> **Directions for this task**
Once "Style architectural :Néo-roman" turns up in a line below, reproduce that line and those after it exactly, stopping after the line with "Boné de formatura"; leave pictures out.

> **Data to process**
************
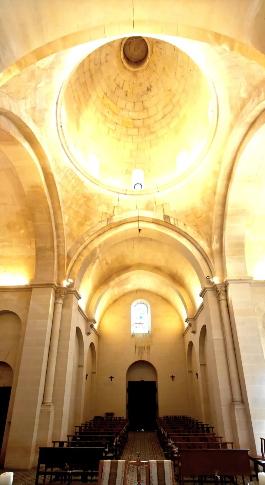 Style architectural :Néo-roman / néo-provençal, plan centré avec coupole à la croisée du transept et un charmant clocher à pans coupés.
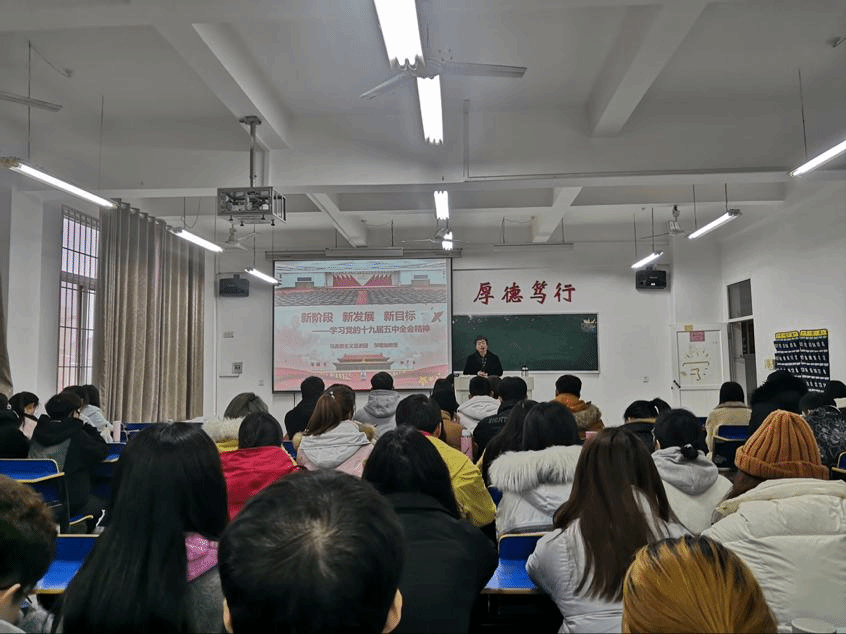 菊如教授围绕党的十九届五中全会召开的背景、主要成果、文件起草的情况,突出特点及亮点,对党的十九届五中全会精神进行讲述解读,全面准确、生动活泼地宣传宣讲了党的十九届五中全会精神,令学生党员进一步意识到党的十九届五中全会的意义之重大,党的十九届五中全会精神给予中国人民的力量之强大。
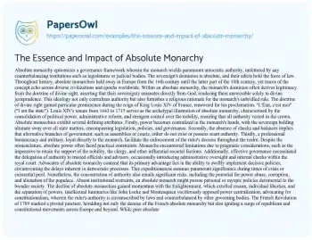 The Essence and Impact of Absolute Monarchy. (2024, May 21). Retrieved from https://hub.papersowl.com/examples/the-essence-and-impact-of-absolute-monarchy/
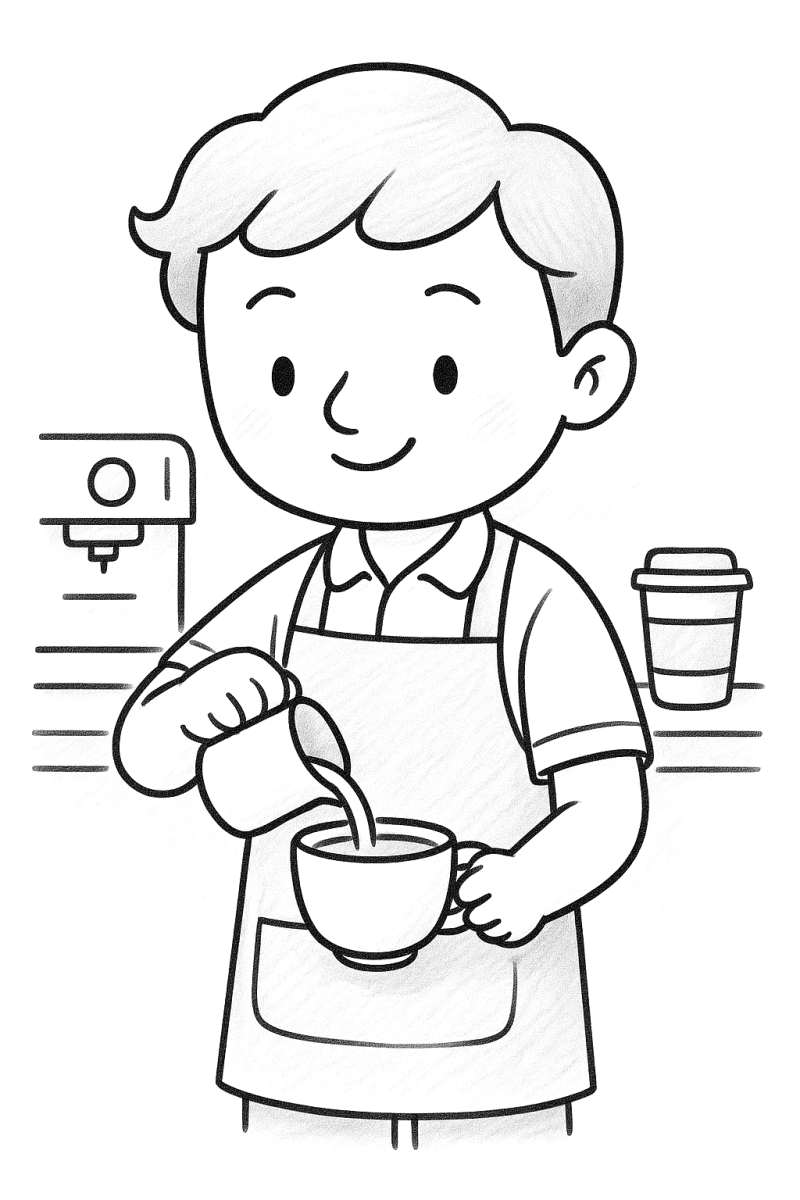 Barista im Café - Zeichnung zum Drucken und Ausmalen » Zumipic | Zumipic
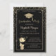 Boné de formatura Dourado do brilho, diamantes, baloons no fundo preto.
************
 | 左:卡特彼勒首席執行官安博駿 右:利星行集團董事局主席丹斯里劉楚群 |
************
> **Result of the task**
 Style architectural :Néo-roman / néo-provençal, plan centré avec coupole à la croisée du transept et un charmant clocher à pans coupés.
 菊如教授围绕党的十九届五中全会召开的背景、主要成果、文件起草的情况,突出特点及亮点,对党的十九届五中全会精神进行讲述解读,全面准确、生动活泼地宣传宣讲了党的十九届五中全会精神,令学生党员进一步意识到党的十九届五中全会的意义之重大,党的十九届五中全会精神给予中国人民的力量之强大。
 The Essence and Impact of Absolute Monarchy. (2024, May 21). Retrieved from https://hub.papersowl.com/examples/the-essence-and-impact-of-absolute-monarchy/
 Barista im Café - Zeichnung zum Drucken und Ausmalen » Zumipic | Zumipic
 Boné de formatura Dourado do brilho, diamantes, baloons no fundo preto.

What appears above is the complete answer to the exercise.